• [WHAT YOU WILL DO]
Print, exactly as they stand, the lines below from the one that has "High-resolution XPS spectrogram" to the one that has "Samsung bietet das", inclusive, leaving out the pictures.

• [DATA FOR ANALYSIS]
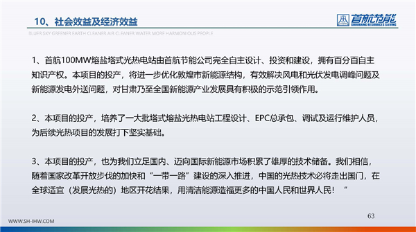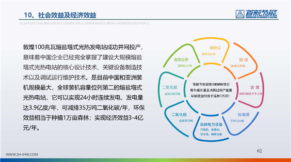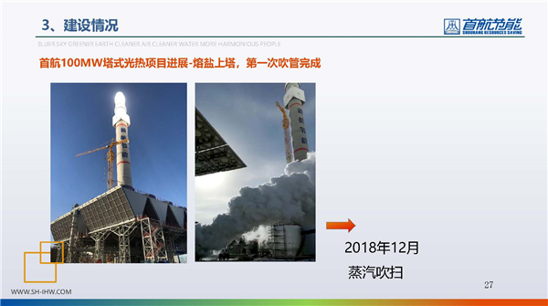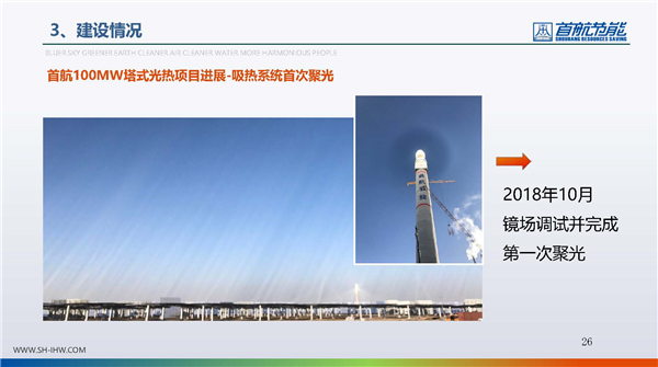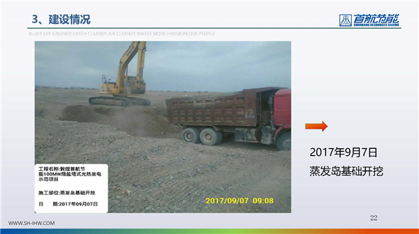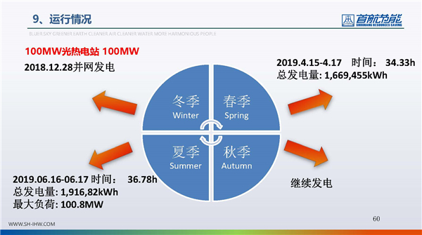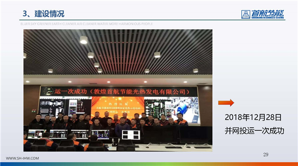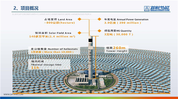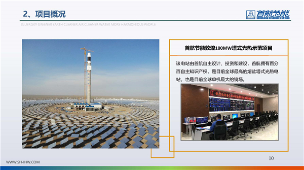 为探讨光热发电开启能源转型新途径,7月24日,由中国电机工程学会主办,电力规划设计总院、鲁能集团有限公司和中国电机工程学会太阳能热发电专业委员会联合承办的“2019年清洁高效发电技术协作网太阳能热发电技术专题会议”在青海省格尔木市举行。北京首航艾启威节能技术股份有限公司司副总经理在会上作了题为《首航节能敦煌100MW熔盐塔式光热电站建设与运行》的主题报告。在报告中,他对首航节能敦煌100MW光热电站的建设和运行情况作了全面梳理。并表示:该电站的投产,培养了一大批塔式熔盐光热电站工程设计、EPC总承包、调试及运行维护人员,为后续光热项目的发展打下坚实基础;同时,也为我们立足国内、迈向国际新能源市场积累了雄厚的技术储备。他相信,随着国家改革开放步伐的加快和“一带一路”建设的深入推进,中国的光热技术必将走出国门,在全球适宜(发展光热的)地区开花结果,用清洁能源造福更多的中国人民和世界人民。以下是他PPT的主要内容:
==
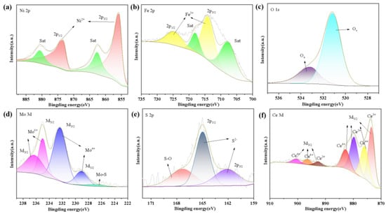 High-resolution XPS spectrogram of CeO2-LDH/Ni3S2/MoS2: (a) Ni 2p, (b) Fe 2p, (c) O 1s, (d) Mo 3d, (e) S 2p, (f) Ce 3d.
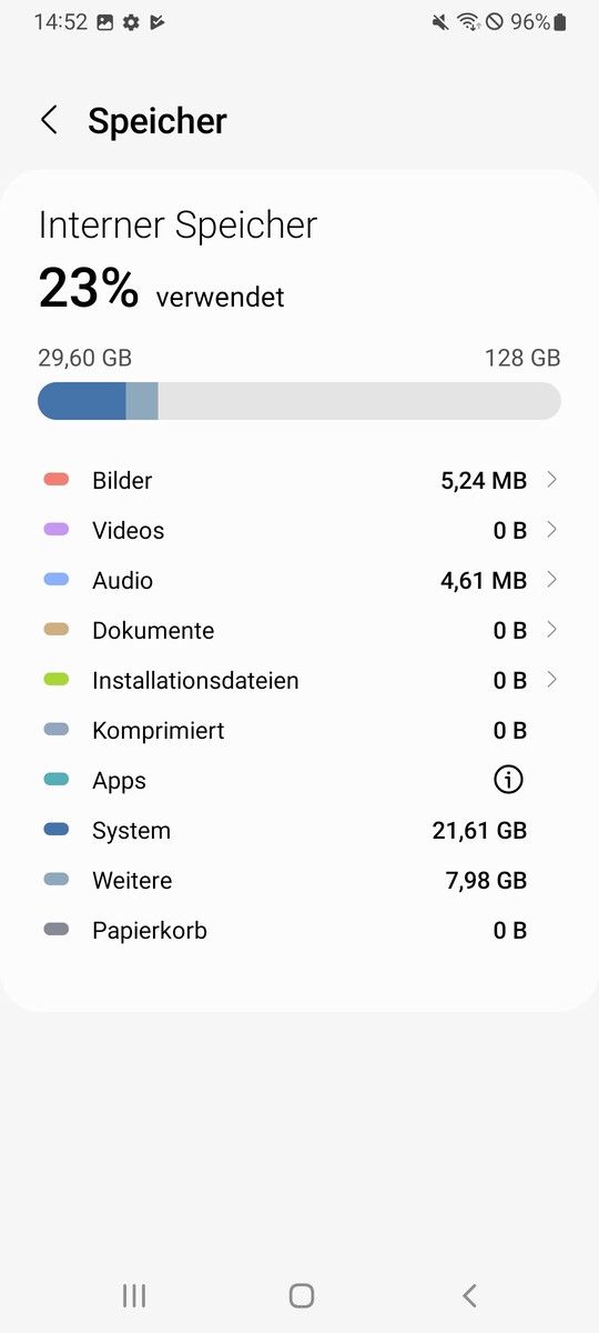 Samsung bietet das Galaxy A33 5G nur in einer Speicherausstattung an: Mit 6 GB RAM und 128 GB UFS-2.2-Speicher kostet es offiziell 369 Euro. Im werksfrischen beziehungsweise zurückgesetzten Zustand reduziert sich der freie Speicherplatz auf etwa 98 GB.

• [SOLUTION FOR THIS PROBLEM]
 High-resolution XPS spectrogram of CeO2-LDH/Ni3S2/MoS2: (a) Ni 2p, (b) Fe 2p, (c) O 1s, (d) Mo 3d, (e) S 2p, (f) Ce 3d.
 Samsung bietet das Galaxy A33 5G nur in einer Speicherausstattung an: Mit 6 GB RAM und 128 GB UFS-2.2-Speicher kostet es offiziell 369 Euro. Im werksfrischen beziehungsweise zurückgesetzten Zustand reduziert sich der freie Speicherplatz auf etwa 98 GB.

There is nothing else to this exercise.